The stock market is volatile and prices are constantly fluctuating. Rather than fleeing the market during times of price volatility, Graham teaches staying put and expecting to profit from it. An astute investor utilizes price changes as an opportunity window for buying more assets at a bargain price.
Furthermore, market movements should not be reason enough to make emotional financial decisions. Instead, assess the business value, buy low, and sell high.
The detrimental consequences of market volatility can be alleviated in two ways.
Dollar-Cost Averaging: It is the act of purchasing an investment in an equal dollar amount at regular intervals. For example, investing $50 monthly in a particular stock until the desired price set is reached. It allows an investor to buy at different price points rather than at a particular peak price. It is the perfect answer to the question, “when to buy a stock?”
Portfolio Balancing: Graham believes it is essential to balance your portfolio between stocks and bonds to protect your money during times of market down times. His idea was to protect money first and then strive to develop it. As a rule, he believes 25% of your money should go into investing in stocks and bonds. However, this percentage may vary depending on market conditions.
Graham believes that you must be self-aware as an investor. So he created a contrast between categories of investors.
Enterprising and Defensive Investors: Graham famously categories every investor into two broad groups. According to him, everyone in the stock market falls into one of the two groups; the enterprising and the defensive investor. The enterprising investor is active and devotes a significant amount of time and effort to research. He attends the meetings, looks through the financial statements, etc., just to become skilled.

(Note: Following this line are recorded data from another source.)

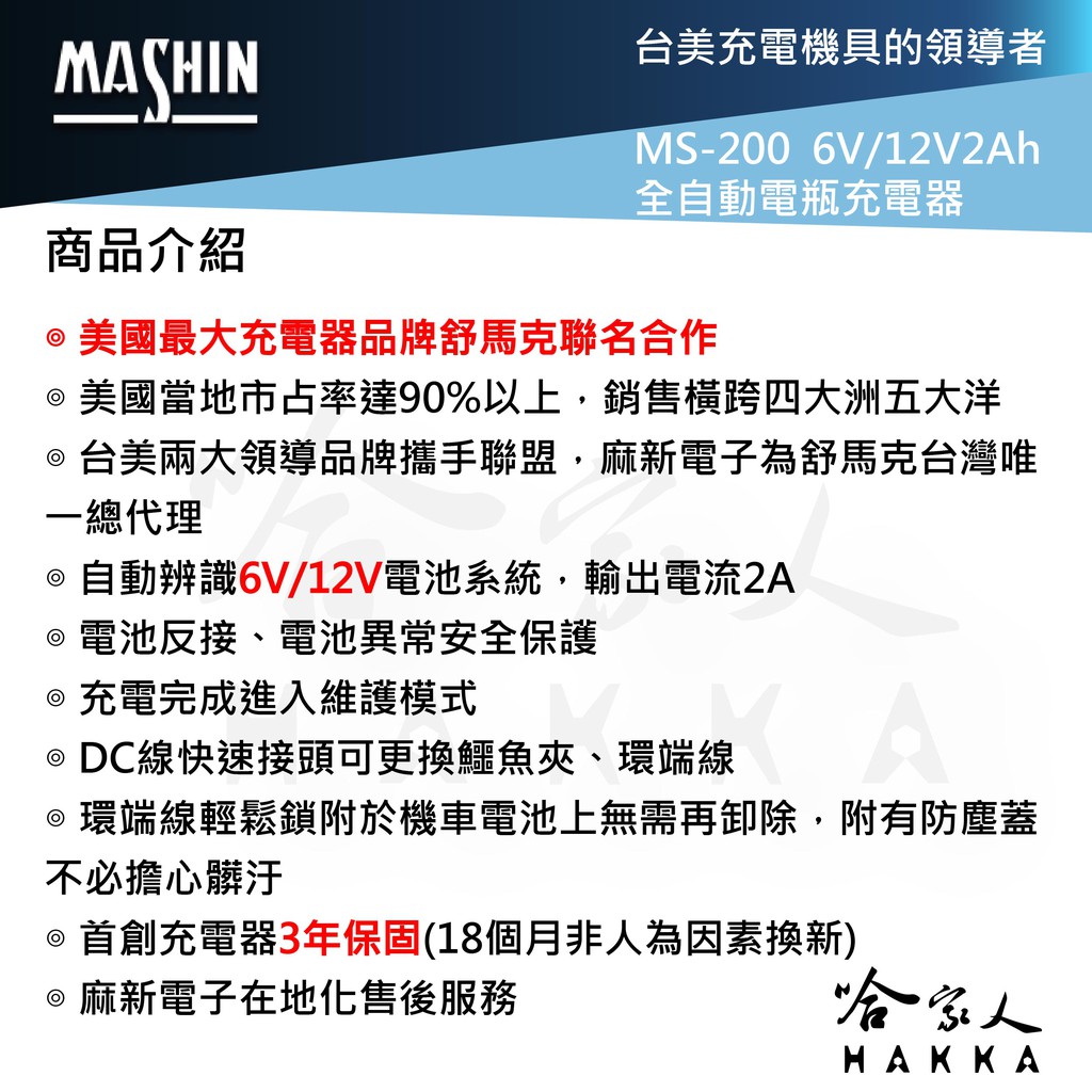 麻新電子 ms-200 全自動 電瓶充電器 6v 12v 2a 機車 免拆電池 ms 200 哈家人
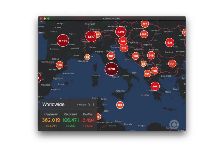 Se siete alla ricerca di app specifiche, vi segnaliamo Corona Tracker, app disponibile per Mac e dispositivi iOS (iPad e iPhone). L’applicazione in questione è open source recupera i dalla Johns-Hopkins University, che a sua volta raccoglie le informazioni ricevute da diverse fonti ufficiali, tra cui l’Organizzazione mondiale della sanità e le comptetenti autorità nazionali competenti. Con queste app è inpratica possibile avere l’equivalente della mappa interattiva della Johns-Hopkins University in un’applicazione nativa per i dispositivi della Mela.
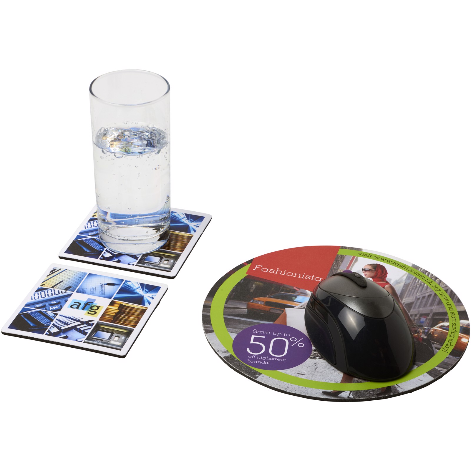 Features a Q-Mat mouse mat and a set of two matching coasters branded with your company design. The set comprises of a round mousemat (0.3 x ø20 cm) and two square coasters (0.3 x 9.8 x 9.8 cm).
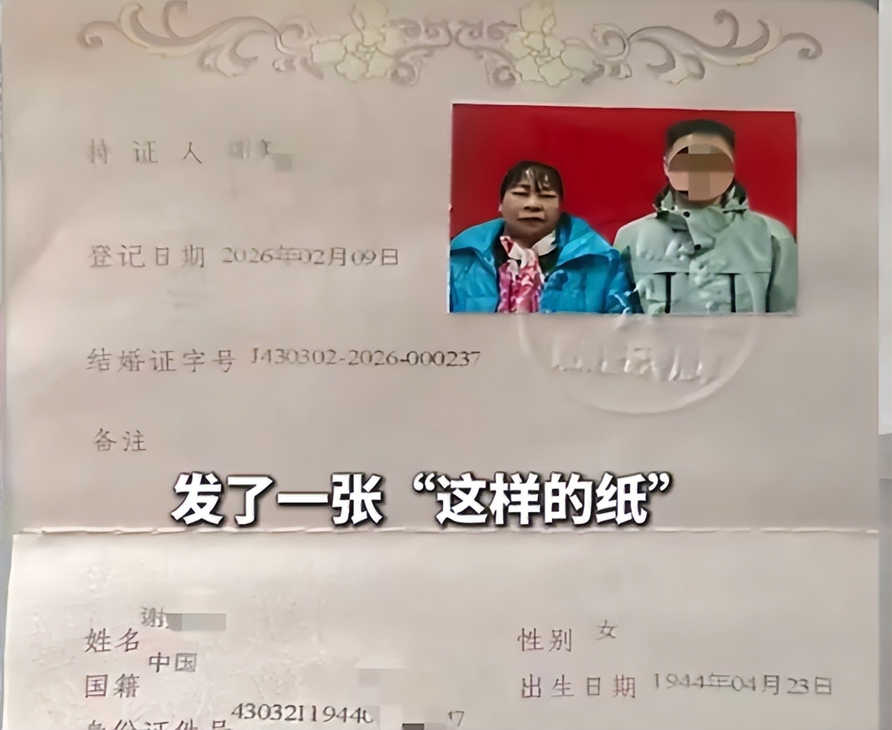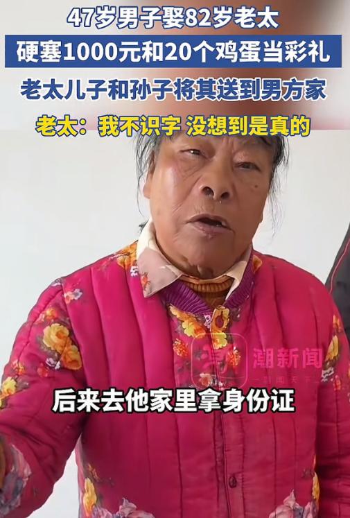 中原网 2026-3-13 湖南47岁男子娶82岁老人,用1000元和20个鸡蛋当彩礼,已领结婚证,老人称“以为是假结婚没想到是真的”
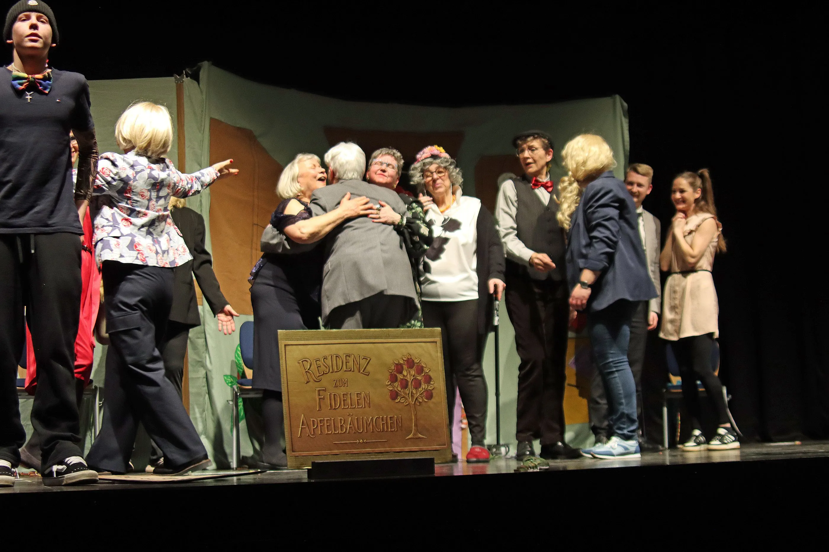 Als der pflegerische Notstand droht, stehen alle zusammen, versuchen durch eine Fete Geld für den Förderverein zu generieren. Lebensweisheiten wie „Wenn wir wollen, dass es den Alten gut geht, müssen wir uns selbst kümmern“ oder „Es gibt nichts Gutes, außer man tut es“ werden zu Handlungsanleitungen, das Schicksal selbst in die Hand zu nehmen. Mit Line-Dance-Auftritt, Erzählcafé, Repair-Station, Musical-Songs bringen sich alle ein, ziehen Alt und Jung an einem Strang, um die Lage zu verbessern. So wird in 150 Minuten aus der Einrichtung „Zur letzten Oase“ die „Residenz zum fidelen Apfelbaum“ getreu dem lutherschen Motto, nicht zu verzagen, selbst aktiv zu werden, die Hoffnung nicht aufzugeben.
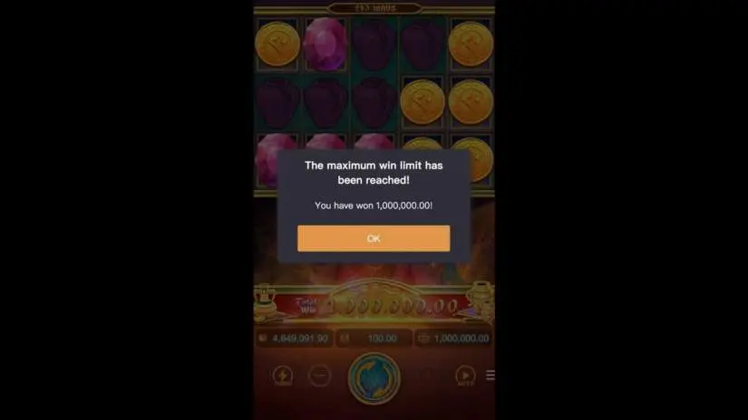 The maximum win in Alibaba’s Cave of Fortune is 10,000x the bet. If the total win in the main game or free spins reaches 10,000x the bet, the spin ends.
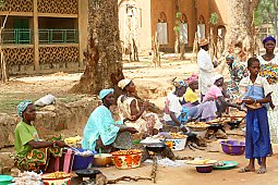 La paix règne ici, troublée seulement par les “pies métalliques“ (sorte d’oiseaux noirs, très criards, à longue queue et au plumage à reflets métalliques), et le soir, par le groupe électrogène. Le matin, la petite cloche tinte très tôt pour rassembler les fidèles pour les laudes et la messe. Je consacre une partie de la matinée pour planter des eucalyptus avec le Père Martinez ; je visite ensuite le marché (c’est presqu’obligatoire en Afrique de l’Ouest lorsque vous arrivez quelque part). Puis, ce que j’apprécie toujours beaucoup, contacts avec des paroissiens, avec des malades. Dans l’après-midi et la soirée, le Père Michel m’invite à voir ses archives : de nombreux documents passionnants sur l‘histoire, la géographie, la pluviométrie. Je puis ainsi mieux comprendre diverses situations. J’ai aussi l’occasion de parler 5 minutes à la radio qui fonctionne le soir. Là, j’ai pu donner la raison de ma venue à Bamako et j’en ai profité pour remercier tout le monde pour leur accueil remarquable et si charmant.

On the other hand, the defensive investor is passive and puts much less work into researching. As his standing principle, the more work you put into investing, the higher your projected return. He recommends that investing in indexes is the best way to make passive income from the stock market as a defensive investor.
Speculators versus Investors: An investor considers himself a part-owner of the business, while a speculator sees the stock market as another gambling opportunity.
It is imperative to distinguish a company’s stock price from its value. A stock price is volatile, and it fluctuates based on several factors. However, in reality, the actual underlying value of a business is mostly stable. Therefore, an intelligent investor must learn to take advantage of the price volatility and business stability.
Investing in a dividend stock or company you love is not enough. An investor must have a grasp of the company’s basics. Graham himself consistently applied this principle to his investments. Before buying any stock, he referenced it with a ten points checklist.
Graham’s investment principles, however relatively strict, produced consistent results in the stock market during his days. As old as it may seem, the principles of value investing still has its relevance in today’s market. Warren Buffet and countless other investors who follow his principles can boast of the Benjamin Graham way results.